Hiho, ne Frage zu meinem Programm. Ich soll  ein Dreieck wahlweise durch Angabe der einzel Koordinaten oder durch drei Exemplare der Klasse Point erstellen können. Intern soll das Dreieck jedoch nur durch die drei Eckpunkte als
Exemplare der Klasse Point repräsentiert werden.

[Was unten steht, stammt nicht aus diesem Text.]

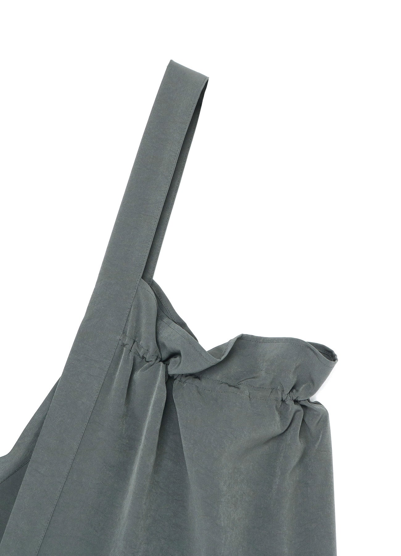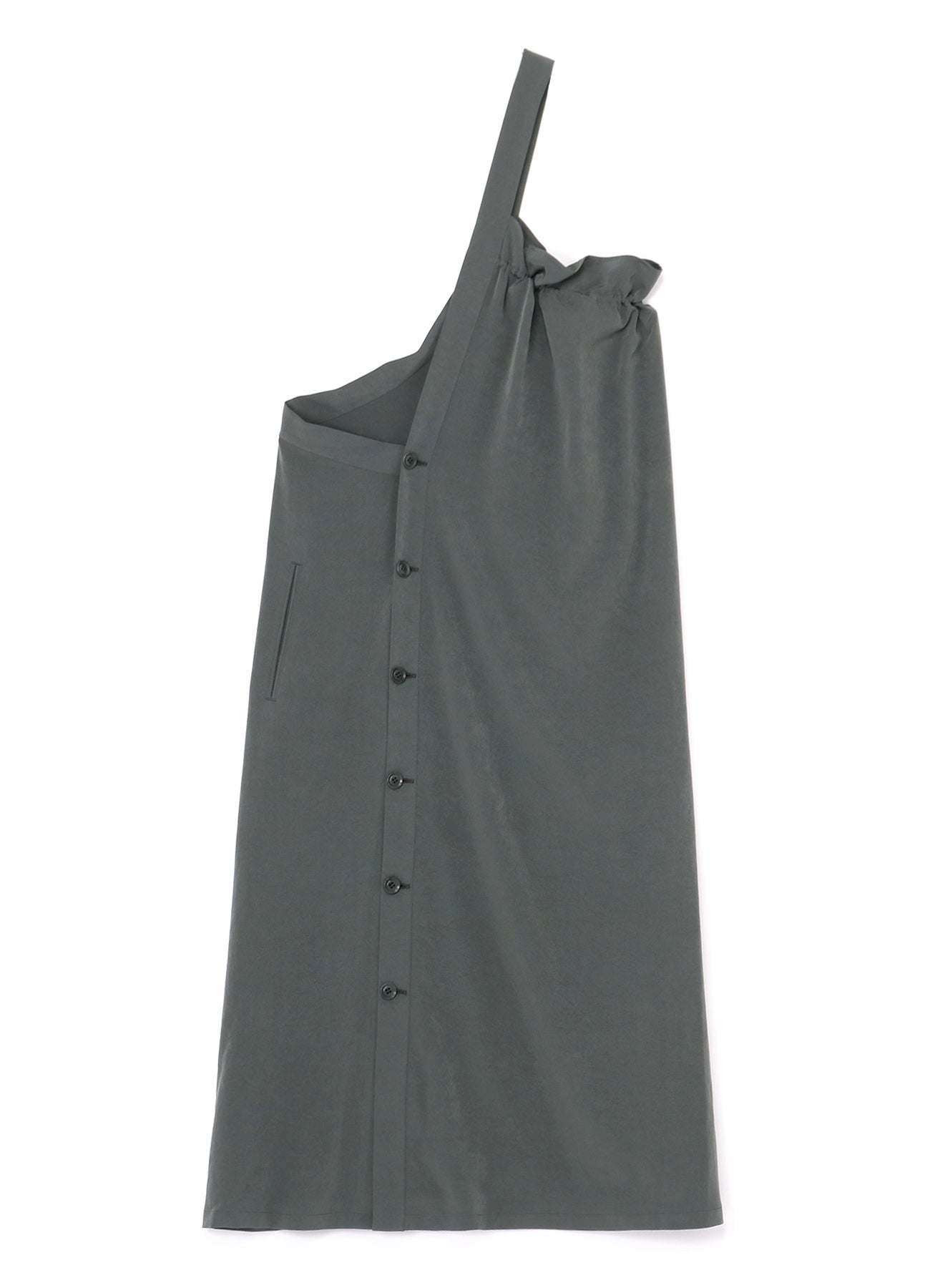A classic, popular one-shoulder dress made with triacetate/polyester crepe de Chine. It has a luxurious sheen, is wrinkle-resistant and offers a light, airy feel suitable for all seasons. The left side is voluminous while the right is sleek, giving a balanced look. Easy front button closure and practical pockets.
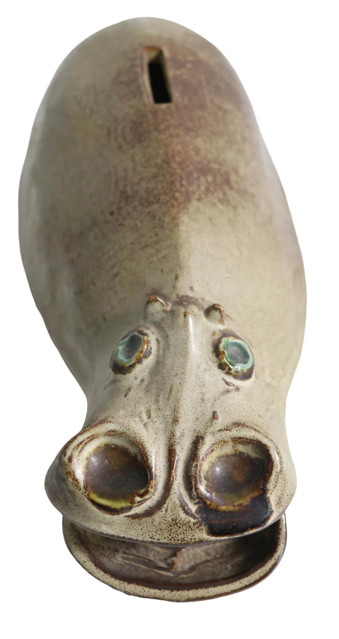 Fun period 1970’s art pottery hippopotamus bank, by David Gil for Bennington Pottery. This example is in excellent original condition, it is fully and correctly marked.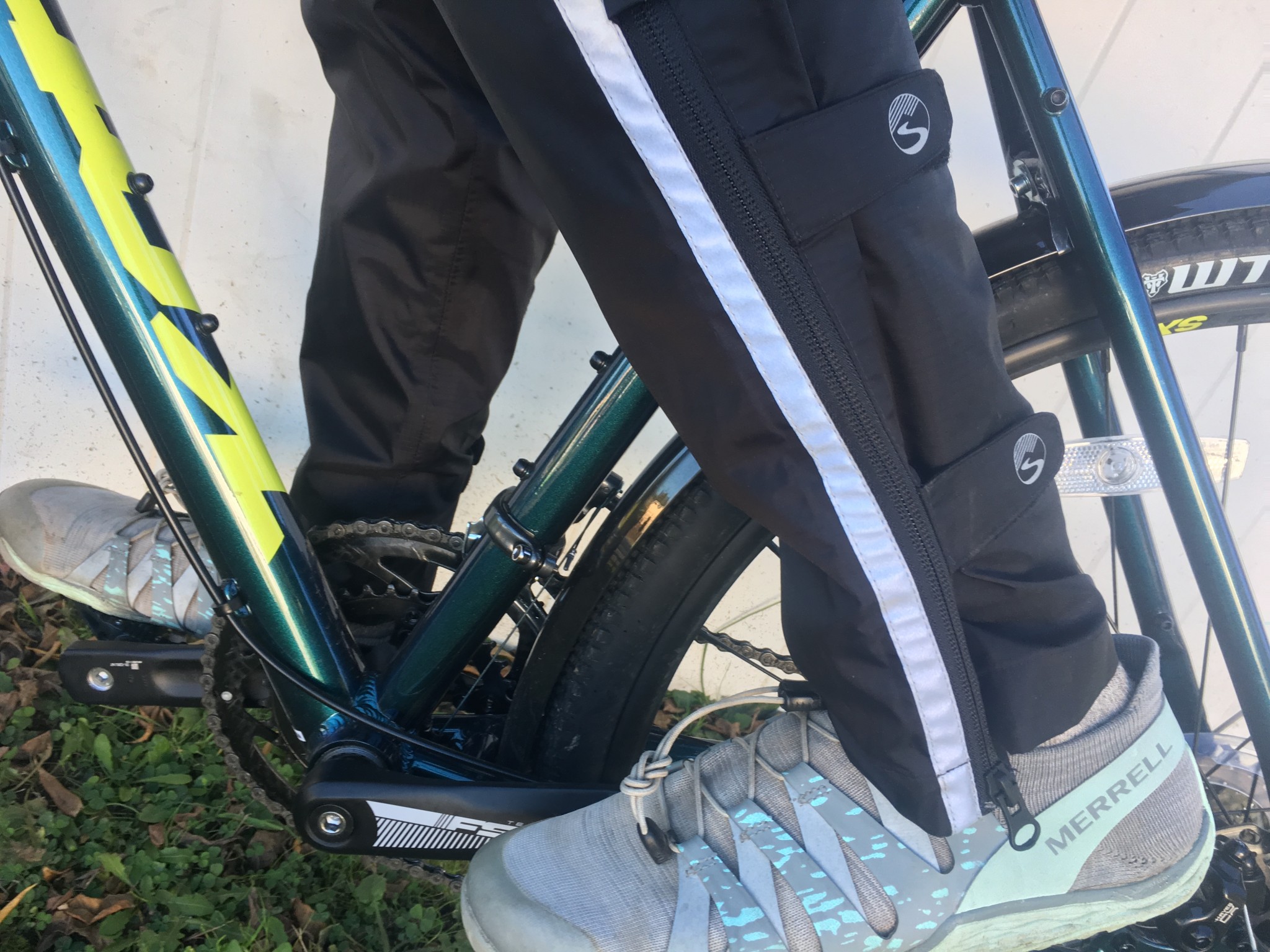 We then adjusted the scores for how compact the rain pants were. To assess this, we packed each pair of pants up as small as possible and set them side-by-side. Then we sorted them, relative to each other, to see how to adjust the weight scores.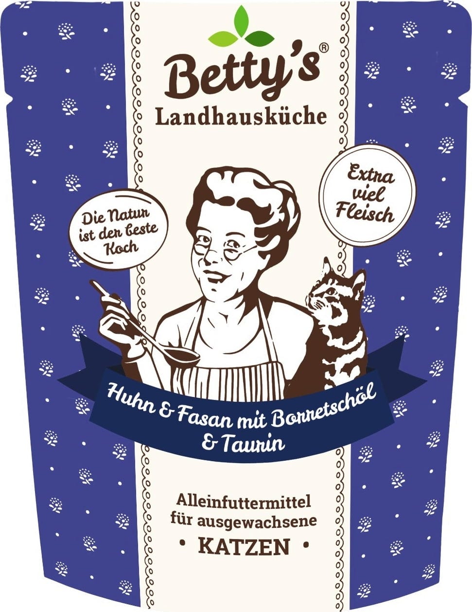 Betty's Landhausküche Wet Food Pouch Adult: Chicken & Pheasant with Borage Oil, 250 g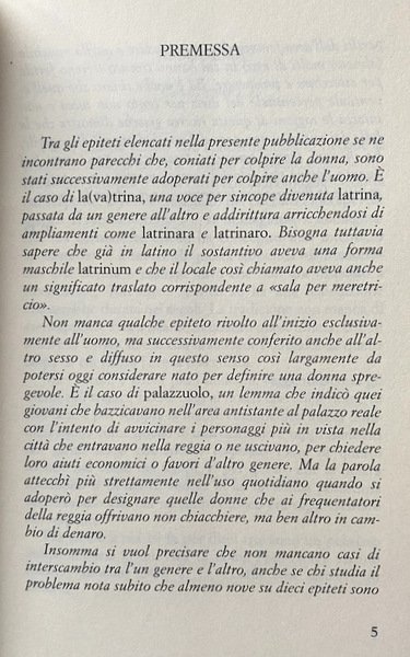 Soggetti: Napoli, Dialettologia, Dialetto napoletano, Cultura partenopea, Parolacce, Epiteti ingiuriosi, Ingiurie, Donne, Misoginia, Uomini, Insulti, Mentalità maschile, Curiosità, Varia, Chicche librarie, Libri Vintage Fuori catalogo, Società napoletana, Lingua, Folklore, Modi di dire, Significato, Proverbi, Miti, Leggende, Fraseologia, Glossario, Malafemmina, Dizionari etimologici, Etimologia, Parole, Studi culturali e sociali, Dizionario italiano napoletano, Dizionari dialettali, Maleducazione, Termini dialettali, Sciupafémmene, Lessico, Voci, Lemmi, Locuzioni locali, Superiorità di genere, Emancipazione femminile, Maschilismo, Latrina, Palazzuolo, Latino, Greco, Uso quotidiano, Papara, Caiorda, Canna de chiaveca, Locena, Loffa, Grimma, Guattara, Gatta cennerennula, Femmenecchia, Fenestrera, Amanti, Tradimenti, Prostitute, Mogli, Mariti, Amoreggiare, Ferdinando Russo, Salvatore Di Giacomo, Drusiana, Disgraziata, Personaggi storici, Pulecenella, Zoccola, Cummara, Cuoppo allesse, Bibliografia, Cortese, Basile, Bovio, Murolo, Sciupafemmine, Malacreanza, Naples, Dialectology, Neapolitan dialect, Neapolitan culture, Swear words, Insulting epithets, Insults, Women, Misogyny, Men, Insults, Male mentality, Curiosity, Various, Book goodies, Out of print books, Neapolitan society, Language, Idioms, Meaning, Proverbs, Myths, Legends, Phraseology, Glossary, Etymological Dictionaries, Etymology, Words, Cultural and Social Studies, Neapolitan Italian Dictionary, Dialect Dictionaries, Rudeness, Dialectal Terms, Lexicon, Voices, Lemmas, Local Phrases, Gender Superiority, Emancipation Feminine, Male, Latrine, Latin, Greek, Everyday use, Lovers, Betrayals, Prostitutes, Wives, Husbands, Flirt, Wretched, Historical characters, Pulcinella, Slut, Bibliography, Wifemmine, Slang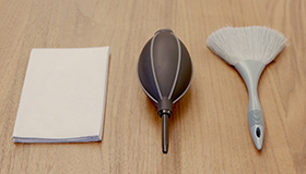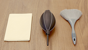 クリーニングクロス、ブロアー、ブラシを使用します。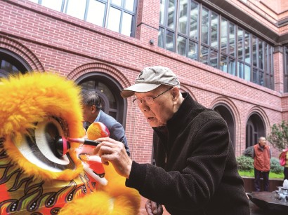 老人為醒獅點睛。 俱鶴飛 攝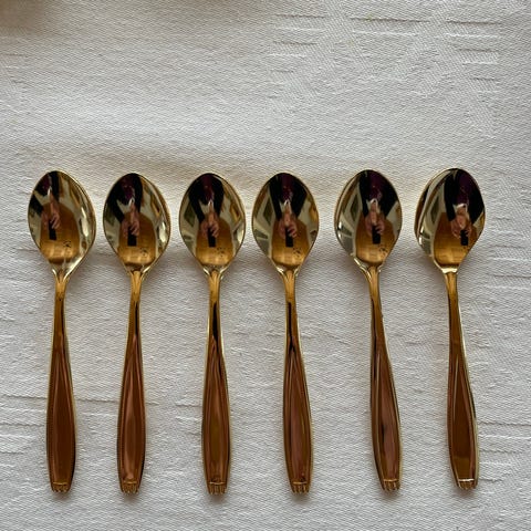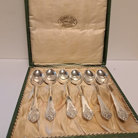 Sandrik tesett bestående av 10 sølvfargede skjeer med dekorert skaft. Settet leveres i originalt etui med blå innside og plass til skjeene. Egnet som teskjeer eller til servering av desserter og andre varme drikker.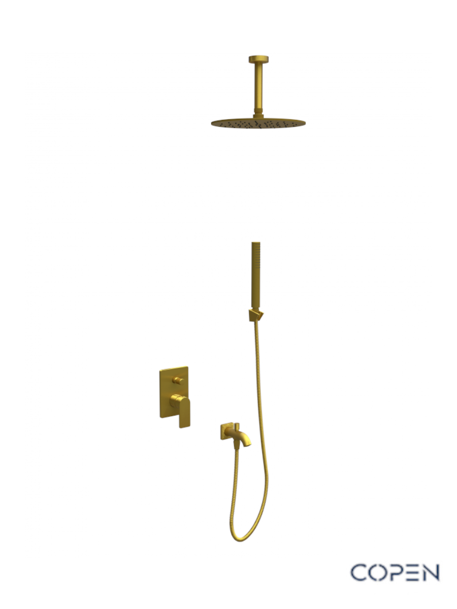 Ugradna baterija sa izlivom, plafonskim i ručnim tušem Copen Nook zlatna C-01-120BTG

Ist das nun so korrekt? Versteh nicht ganz was die mit Intern meinen


```
public class Geometry {

public static void main(String[] args){
	double a = 0.0;
	double b = 0.0;
	double c = -2.0;
	double d = -4.0;
	double e = 5.0;
	double f = 0.0;
	double g = 2.0;
	double h = 7.0;
	double i = 5.0;
	double j = 0.0;
	double k = 2.0;
	double l = 4.0;
			
	Point p1 = new Point(a, b);
	Point p2 = new Point(p1);
	Point p3 = new Point(i, j);
	Point p4 = new Point (k, l);
	Point CENTER = new Point();
	Triangle d1 = new Triangle (c, d, e, f, g, h);
	Triangle d2 = new Triangle (a, b, i, j, k, l);
	
	System.out.println ("CENTER" + "(" + CENTER.RückgabeX()+", " + CENTER.RückgabeY() + ")");
	System.out.println("p1" + "(" + p1.RückgabeX()+", " + p1.RückgabeY() + ")");
	System.out.println("p2" + "(" + p2.RückgabeX()+", " + p2.RückgabeY() + ")");
	System.out.println("distance" + " = " + p1.distance(p1, p2));
	System.out.println("d1" + "(" + d1.RückgabeX() + ", " + d1.RückgabeY() + "/" + d1.RückgabeZ() + ", " + d1.RückgabeS() + "/" + d1.RückgabeT() + ", " + d1.RückgabeU() + ")");
	System.out.println("d2" + "(" + d2.RückgabeX() + ", " + d2.RückgabeY() + "/" + d2.RückgabeZ() + ", " + d2.RückgabeS() + "/" + d2.RückgabeT() + ", " + d2.RückgabeU() + ")");
}}
class Point {
	public double x;
	public double y;

	
	//Konstruktor
	Point (double a, double b){
		x = a;
		y = b;
	}

	//Konstruktor
	Point (Point p){ 
		x = p.x;
		y = p.y;
	}
	//Konstruktor
	Point (){
			x = 0;
			y = 0;
	}
	//Methoden
	double RückgabeX() {
		return x;
	}
	double RückgabeY(){
	return y;
	}
	public static double distance (Point p1, Point p2){
		double x = p1.x - p2.x;
		double y = p1.y - p2.y;
		double d = Math.sqrt((x*x)+(y*y));
		return d;
	}
	}

	class Triangle extends Point{
		
		public double x;
		public double y;
		public double z;
		public double s;
		public double t;
		public double u;
		
		
		Triangle (double c, double d, double e, double f, double g, double h){
			x = c;
			y = d;
			z = e;
			s = f;
			t = g;
			u = h;
	}
		Triangle (Point p1, Point p3, Point p4){
			
		}
		double RückgabeX() {
			return x;
		}
		double RückgabeY(){
		return y;
		}
		double RückgabeZ() {
			return z;
		}
		double RückgabeS(){
		return s;
	}
		double RückgabeT(){
			return t;
	}
		double RückgabeU(){
			return u;
		}
	}
```


----------



## Marco13 (14. Nov 2010)

Das würde ich so interpretieren

```
class Triangle { /* NEIN: extends Point{ (wozu auch?) */

    private Point p0;
    private Point p1;
    private Point p2;
...
```


----------



## Landei (14. Nov 2010)

Genau. Wenn du "extends" verwendest, sagst du "meine Klasse ist ein...". Ist ein Dreieck ein Punkt? Nein, es "besteht" aus Punkten, es _ist_ aber selbst keiner. Wir benötigen deshalb an dieser Stelle Komposition, keine Vererbung. 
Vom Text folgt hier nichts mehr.